Williams returns to his home state after spending four seasons at Northern Colorado, an FCS program, where he saw starts at both guard and tackle. He’s a big and strong veteran who has played a lot of football. While he might be on the outside looking in at a starting spot right now, that can easily change during fall camp. If he winds up not being a starter, having a backup with the playing experience like Williams is good to have if there’s an injury.
No. 11 | DeShon Singleton | 6-3, 205 | Safety
DeShon Singleton drew out a great quote from defensive backs coach Travis Fisher this past spring. Fisher was asked about his new addition from Hutchinson (Kan.) Community College who had 21 tackles, 2.5 tackles for loss, two interceptions and two pass breakups in his lone season there.

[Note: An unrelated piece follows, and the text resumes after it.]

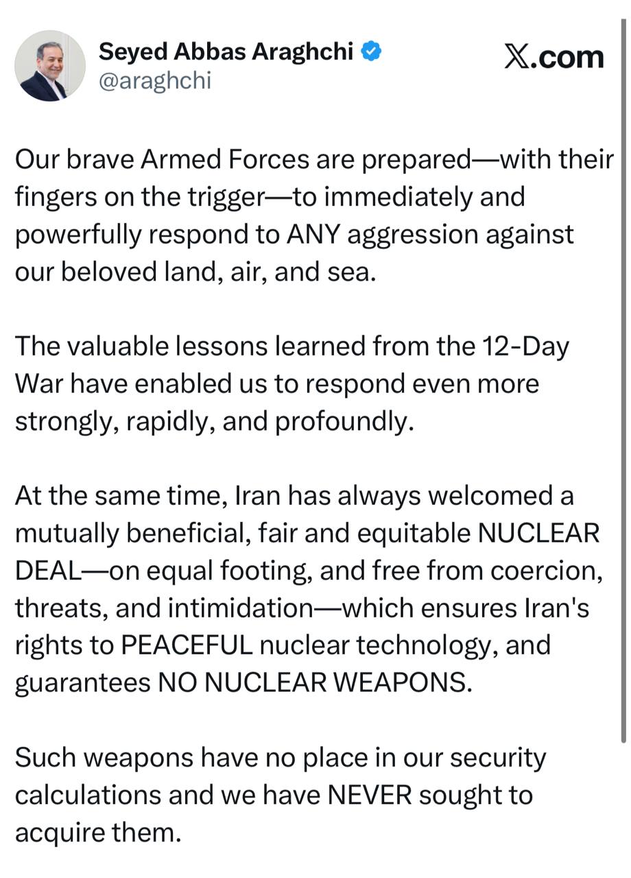 نیروهای مسلح شجاع ما با آمادگی کامل، و انگشت بر ماشه، آماده‌اند تا به‌طور سریع و قاطع به هرگونه تجاوز علیه خاک، حریم هوایی و آب‌های سرزمینی کشور عزیزمان پاسخ دهند.

“He’s big, and I can’t coach that. He can run, and I can’t coach that either,” Fisher said.
Fisher is right. Throw on Singleton’s film from Hutchinson and you’ll see a big, versatile athlete with a Big Ten-ready frame making plays. Singleton is the kind of athlete who can step on to a Big Ten field and not miss a beat physically. The only question is—and this goes for all newcomers to Nebraska’s roster—how quickly can he learn the playbook?
That understandably isn’t just going to happen right away. It’s a process, learning different words with new meanings and having enough confidence that it allows you to play hard and fast. Singleton spoke on how he was doing with the playbook prior to the spring game in April.
“As far as learning the playbook, I came a long way,” he said. “Everything is starting to become second nature now, and I’m starting to play fast. So really, right now I’m trying to work on perfecting that so I can play as fast as I can.”
Others at safety who may be in front of Singleton right now—guys like returning starter Myles Farmer and rising sophomore Marques Buford Jr.—have been in the program and, as Fisher likes to say, are old guys. They know defensive coordinator Erik Chinander’s defense and where to be on every play.
Don’t be surprised to see Singleton with the first-team defense at times this season. Maybe he sees the field in specific packages when another safety is inserted.
No. 10 | Marcus Washington | 6-2, 191 | Receiver
The addition of Marcus Washington almost makes too much sense.
Following the departure of Zavier Betts from the program and New Mexico State transfer Isaiah Garcia-Castaneda not being healthy enough to practice in the spring, the Huskers were looking to add another wideout to Mickey Joseph’s room. Marcus Washington, who entered the transfer portal while at Texas, was on the market and just last season was catching passes from Thompson.
It’s a no-brainer to bring in an experienced receiver who already has chemistry with the quarterback.
Washington spent the past three seasons with the Longhorns. His relationship with Thompson could put Washington in a unique position to contribute right away in the rotation, even if he didn’t go through spring ball in Lincoln. He’ll need to earn that right with Joseph of course.
During his three seasons in Austin, Washington caught 25 passes for 366 yards and three touchdowns. The former four-star prospect in the 2019 class out of Trinity Catholic High School in St. Louis is coming off his most productive year—he hauled in 18 catches for 277 yards and two touchdowns.
Against the best defenses Texas played—Baylor and Oklahoma State—Washington showed he’s capable of being a down-field threat. Against Baylor, Washington caught seven passes for 70 yards with a long of 22 yards. Against Oklahoma State, Washington split a couple unsure defenders for a 58-yard gain.
Nebraska needs to replace the best big-play threat it had at receiver last year, Samori Touré, who’s currently trying to make the Green Bay Packers’ roster. Washington showed flashes of being that guy at Texas. Maybe a change of scenery with his former quarterback will do the trick in Lincoln.